Dataset excerpts
------------------------------
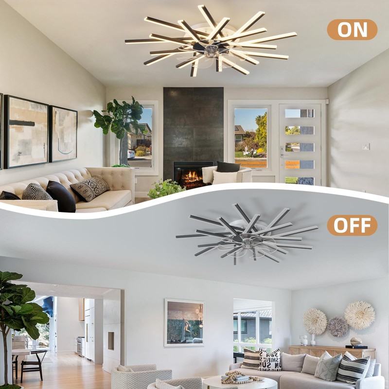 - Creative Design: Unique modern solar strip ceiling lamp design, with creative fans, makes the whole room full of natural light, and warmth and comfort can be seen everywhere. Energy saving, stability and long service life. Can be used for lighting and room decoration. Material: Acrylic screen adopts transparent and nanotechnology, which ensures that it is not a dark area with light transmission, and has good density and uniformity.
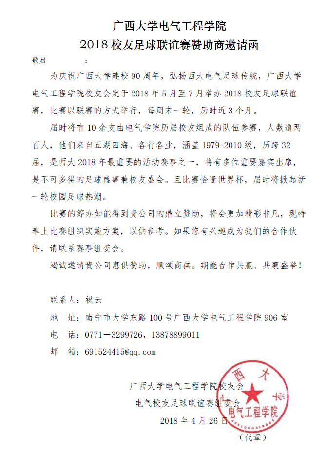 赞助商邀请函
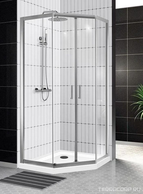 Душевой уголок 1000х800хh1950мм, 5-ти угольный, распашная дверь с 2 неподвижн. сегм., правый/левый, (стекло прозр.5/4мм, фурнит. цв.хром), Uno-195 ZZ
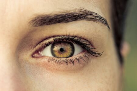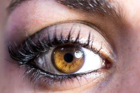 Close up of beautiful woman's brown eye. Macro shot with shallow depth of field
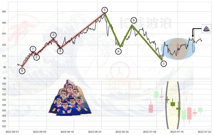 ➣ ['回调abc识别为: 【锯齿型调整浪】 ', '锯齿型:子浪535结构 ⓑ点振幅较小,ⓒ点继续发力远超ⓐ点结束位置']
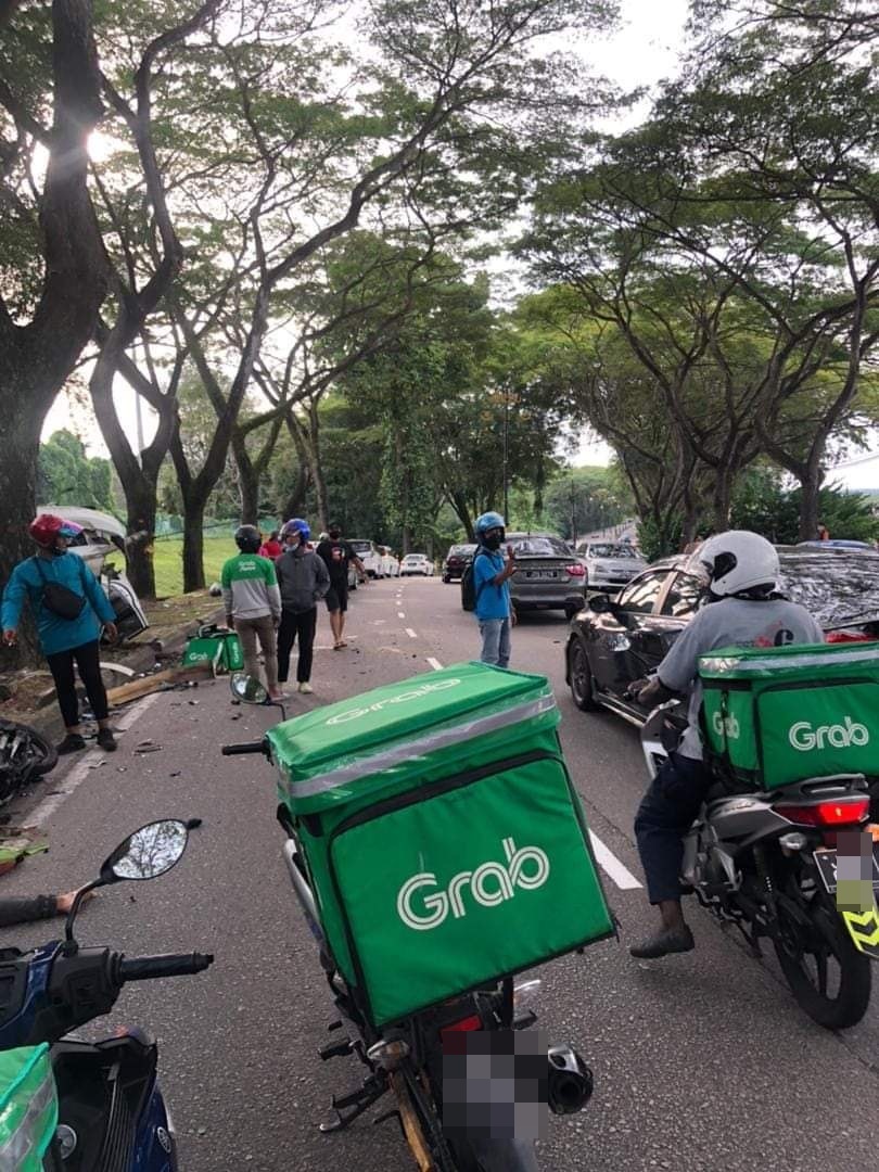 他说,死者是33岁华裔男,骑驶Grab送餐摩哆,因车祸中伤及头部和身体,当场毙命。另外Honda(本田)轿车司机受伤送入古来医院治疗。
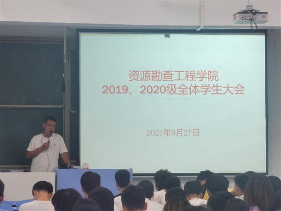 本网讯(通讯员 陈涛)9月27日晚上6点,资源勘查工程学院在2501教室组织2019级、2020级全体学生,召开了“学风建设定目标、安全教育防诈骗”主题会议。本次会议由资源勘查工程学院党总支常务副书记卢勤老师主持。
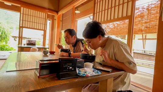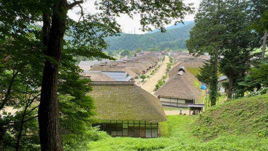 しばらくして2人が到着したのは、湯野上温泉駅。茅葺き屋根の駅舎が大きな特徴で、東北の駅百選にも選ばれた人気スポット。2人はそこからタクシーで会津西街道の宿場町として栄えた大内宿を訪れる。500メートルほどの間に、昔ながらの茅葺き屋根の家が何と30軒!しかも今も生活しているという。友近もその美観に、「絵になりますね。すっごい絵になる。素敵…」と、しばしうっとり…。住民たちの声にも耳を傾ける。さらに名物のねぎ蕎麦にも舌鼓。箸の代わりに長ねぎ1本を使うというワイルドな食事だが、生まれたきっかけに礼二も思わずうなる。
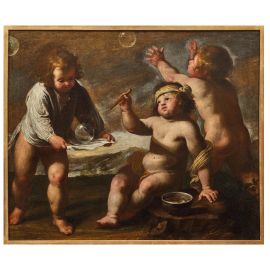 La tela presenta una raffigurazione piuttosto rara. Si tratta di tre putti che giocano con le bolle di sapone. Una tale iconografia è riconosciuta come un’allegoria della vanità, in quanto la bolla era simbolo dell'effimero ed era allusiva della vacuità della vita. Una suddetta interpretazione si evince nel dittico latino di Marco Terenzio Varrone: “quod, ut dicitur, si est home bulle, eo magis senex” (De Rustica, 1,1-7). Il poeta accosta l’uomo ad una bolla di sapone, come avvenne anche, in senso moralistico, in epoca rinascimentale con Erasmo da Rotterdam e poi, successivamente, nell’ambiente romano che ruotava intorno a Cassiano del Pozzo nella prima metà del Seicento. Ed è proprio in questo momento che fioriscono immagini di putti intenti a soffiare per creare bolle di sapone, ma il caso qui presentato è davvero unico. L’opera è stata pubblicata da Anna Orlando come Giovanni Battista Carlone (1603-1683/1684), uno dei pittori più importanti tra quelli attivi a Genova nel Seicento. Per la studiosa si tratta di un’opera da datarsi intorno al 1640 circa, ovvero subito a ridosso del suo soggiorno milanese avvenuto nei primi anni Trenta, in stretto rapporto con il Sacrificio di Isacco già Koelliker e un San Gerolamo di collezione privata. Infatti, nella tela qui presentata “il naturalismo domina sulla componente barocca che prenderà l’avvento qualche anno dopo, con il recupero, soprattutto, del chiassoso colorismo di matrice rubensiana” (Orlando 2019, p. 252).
------------------------------
Copy only what lies between the line with "['回调abc识别为: 【锯齿型调整浪】 ', '锯齿型:子浪535结构 ⓑ点振幅较小,ⓒ点继续发力远超ⓐ点结束位置']" and the line with "しばらくして2人が到着したの", those two lines included, exactly as given above; pictures stay out.

 ➣ ['回调abc识别为: 【锯齿型调整浪】 ', '锯齿型:子浪535结构 ⓑ点振幅较小,ⓒ点继续发力远超ⓐ点结束位置']
 他说,死者是33岁华裔男,骑驶Grab送餐摩哆,因车祸中伤及头部和身体,当场毙命。另外Honda(本田)轿车司机受伤送入古来医院治疗。
 本网讯(通讯员 陈涛)9月27日晚上6点,资源勘查工程学院在2501教室组织2019级、2020级全体学生,召开了“学风建设定目标、安全教育防诈骗”主题会议。本次会议由资源勘查工程学院党总支常务副书记卢勤老师主持。
 しばらくして2人が到着したのは、湯野上温泉駅。茅葺き屋根の駅舎が大きな特徴で、東北の駅百選にも選ばれた人気スポット。2人はそこからタクシーで会津西街道の宿場町として栄えた大内宿を訪れる。500メートルほどの間に、昔ながらの茅葺き屋根の家が何と30軒!しかも今も生活しているという。友近もその美観に、「絵になりますね。すっごい絵になる。素敵…」と、しばしうっとり…。住民たちの声にも耳を傾ける。さらに名物のねぎ蕎麦にも舌鼓。箸の代わりに長ねぎ1本を使うというワイルドな食事だが、生まれたきっかけに礼二も思わずうなる。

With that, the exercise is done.